この記事では、通販サイト・システム刷新を依頼できる実績豊富な開発会社6社を、それぞれの強みや得意領域とともに紹介します。あわせて、ASP・クラウドEC・オープンソース・パッケージ・フルスクラッチといった構築手法ごとの違いや、事業規模に応じた選び方、そして発注前に必ず確認すべきチェックポイントまで体系的に解説します。読み終える頃には、自社に最適なパートナーを見極める判断基準が手に入るはずです。
▼全体ガイドの記事
・通販サイト/システム刷新の完全ガイド
通販サイト/システム刷新でパートナー選びが成否を分ける理由

通販システムの刷新は、単なる「サイトの作り替え」ではありません。商品・顧客・注文履歴といった事業の根幹データを安全に移行し、基幹システムや倉庫管理システムと連携させ、公開後も売上を伸ばし続ける運用体制まで含めて成立させる総合プロジェクトです。だからこそ、どのパートナーと組むかがプロジェクトの成否を大きく左右します。
適切な発注先選定がプロジェクトの命運を握る
ECリプレイスのよくある失敗は、目的やKPIが曖昧なまま進行してしまうこと、デザインを優先するあまり表示速度やモバイルUXが悪化して売上が落ちること、そしてベンダーに丸投げした結果、現場の業務に合わないシステムが出来上がることの3つに集約されます。これらはいずれも、自社の事業を理解し、要件を一緒に整理してくれるパートナーを選べていれば防げる失敗です。
特に注意したいのが、データ移行に伴うリスクです。URL構造が変わると検索エンジンの評価が引き継がれず、これまで積み上げてきた自然検索流入を一夜にして失う恐れがあります。301リダイレクトの設計を確実に行えるか、パスワードの暗号化方式の違いによる移行不可へどう対応するかといった実務の深部まで踏み込めるパートナーかどうかが、リニューアル後の売上を左右します。
発注前に確認すべき構築手法の選択肢
通販システムの構築手法は、大きくASP・SaaS、クラウドEC、オープンソース(OSS)、パッケージ、フルスクラッチの5つに分かれます。ASP・SaaSは初期費用とランニングコストを抑えられる反面カスタマイズに制約があり、月商100万円未満の立ち上げ期に向きます。月商数百万〜数千万円の成長期には高機能ASPやクラウドEC、OSSが選択肢となり、月商数億円以上の大規模事業ではパッケージやフルスクラッチで独自の業務フローや基幹連携に対応します。

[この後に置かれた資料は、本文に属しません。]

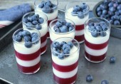 Легкая, освежающая панна котта с малиновым желе, украшенная ягодами черники.

重要なのは、現在の事業規模だけで選ばないことです。3〜5年後の成長を見据えずに目先のコストだけで手法を選ぶと、再び刷新が必要になり二重投資となります。各開発会社がどの手法を得意とするかを把握したうえで、自社の事業フェーズと将来像に合うパートナーを選びましょう。
株式会社ripla|コンサルから開発・運用まで一気通貫で支援

riplaは、コンサルティングから開発まで一気通貫で支援できる企業です。IT事業会社として社内DXを推進してきた経験を活かし、ビジネスへの成果創出とシステムの定着支援に強みがあります。営業・顧客・生産・販売管理など、幅広い基幹システムの構築・導入実績があり、企業の業務要件に合わせて柔軟に対応できる体制を整えています。
特徴と強み
riplaの最大の強みは、要件定義から運用定着までを分断せず伴走できる点にあります。通販システムの刷新では「ベンダーに丸投げしない」ことが成功の鍵ですが、riplaは発注側のプロジェクトマネジメントを支える週次定例の運営、課題管理表、フェーズごとの成果物承認フローといった実務の道具立てまで提供します。これにより、現場に合わないシステムが出来上がるリスクを抑えられます。

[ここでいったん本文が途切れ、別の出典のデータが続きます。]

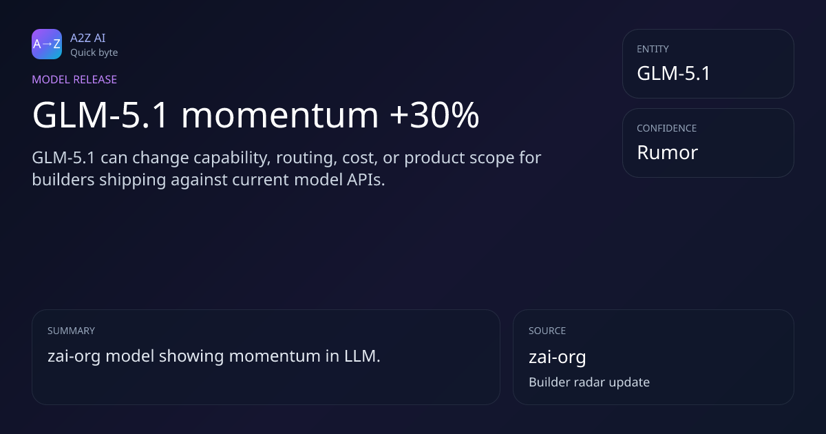 GLM-5.1 momentum +30% Why it matters: GLM-5.1 can change capability, routing, cost, or product scope for builders shipping against current model APIs. Rumor watch: zai-org https://a2zai.ai/bytes/glm-5-1-momentum-30-d71cf050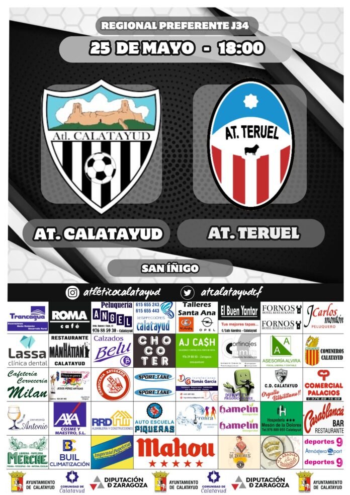 Los bilbilitanos reciben este próximo domingo al Atlético Teruel en la última jornada de liga. Será un encuentro que tendrá lugar en el Municipal “San Iñigo”, en la Ciudad Deportiva de Calatayud, y comenzará a las 18h. Los de Sergio Pérez “Willy”, son terceros clasificados y el de este domingo será el último partido de la temporada. Para finalizar terceros y además, mejores terceros de la Regional Preferente Aragonesa, necesitarán una sola cosa: ganar y conseguir los tres puntos.

また、過剰なカスタマイズを避けて標準機能に寄せる「Fit to Standard」の考え方を、抽象論ではなく社内調整のノウハウまで踏み込んで提示できる点も特徴です。決済手数料・従量課金・アプリ追加費・データ移行費・教育コストといった隠れコストまで含めた3〜5年のTCO(総保有コスト)で意思決定を支援するため、経営層への稟議も通しやすくなります。
得意領域・実績
riplaは基幹システムとの連携を伴う通販システムの構築を得意としています。EC単体ではなく、在庫・受発注・会計・物流(WMS)まで含めた業務全体の最適化を見据えた設計が可能です。外部システムとの「連携できる」という言葉の裏にある責任分界点を、API・CSVなどの方式レベルまで明確化し、後工程でのトラブルを未然に防ぎます。

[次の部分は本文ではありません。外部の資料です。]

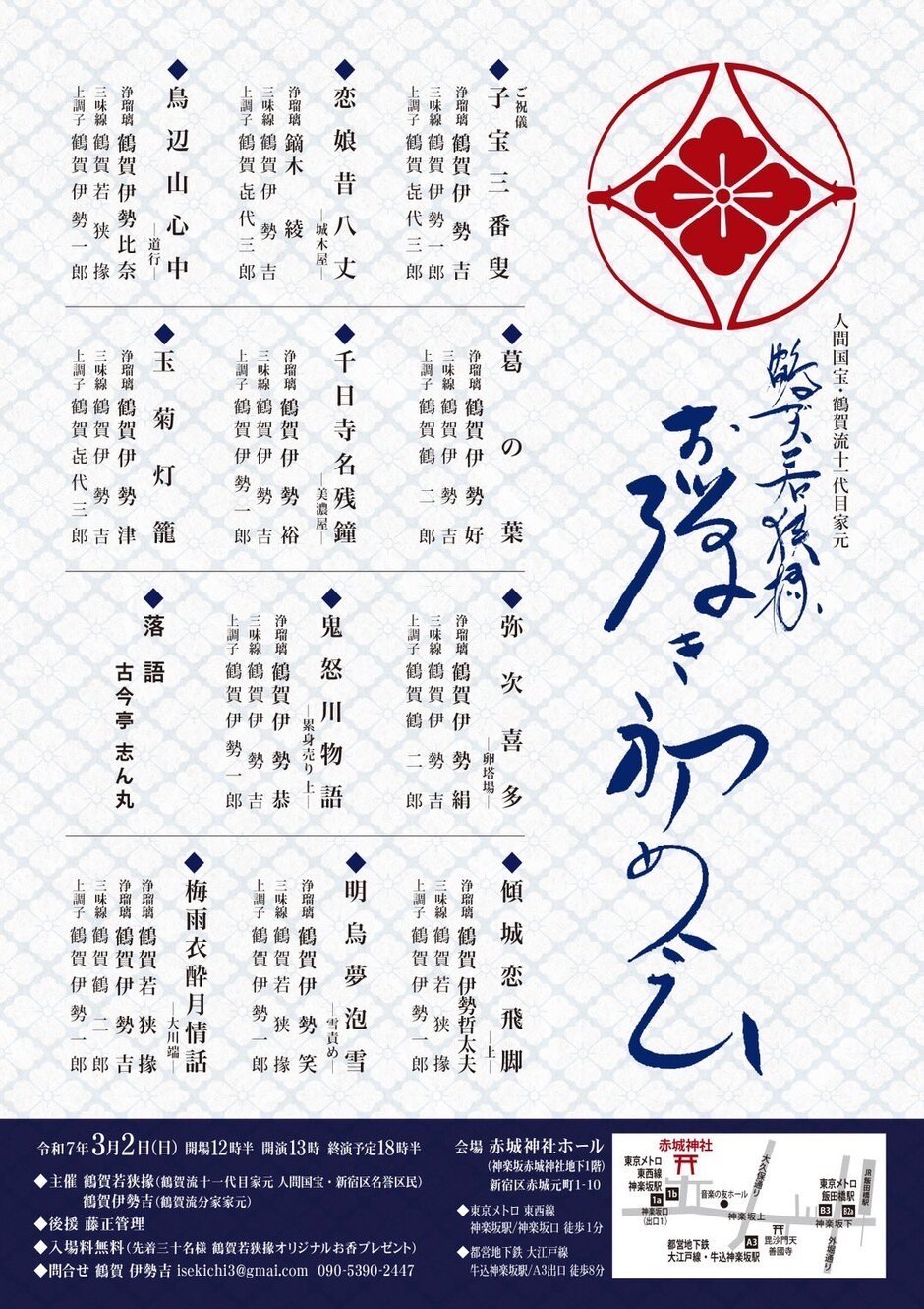 「神楽坂散策がてらご来場くださいませ。私は若狭掾師匠と『梅雨衣酔月情話』をご一緒させていただきます。」

さらに、カットオーバー時の障害に備えた切り戻し(フォールバック)基準の事前合意や、主要顧客・一部商品からの段階的移行といったリスクマネジメントの設計にも対応します。構築して終わりではなく、集客から物流まで公開後の運用・内製化支援まで相談できる伴走体制が、定着率の高さにつながっています。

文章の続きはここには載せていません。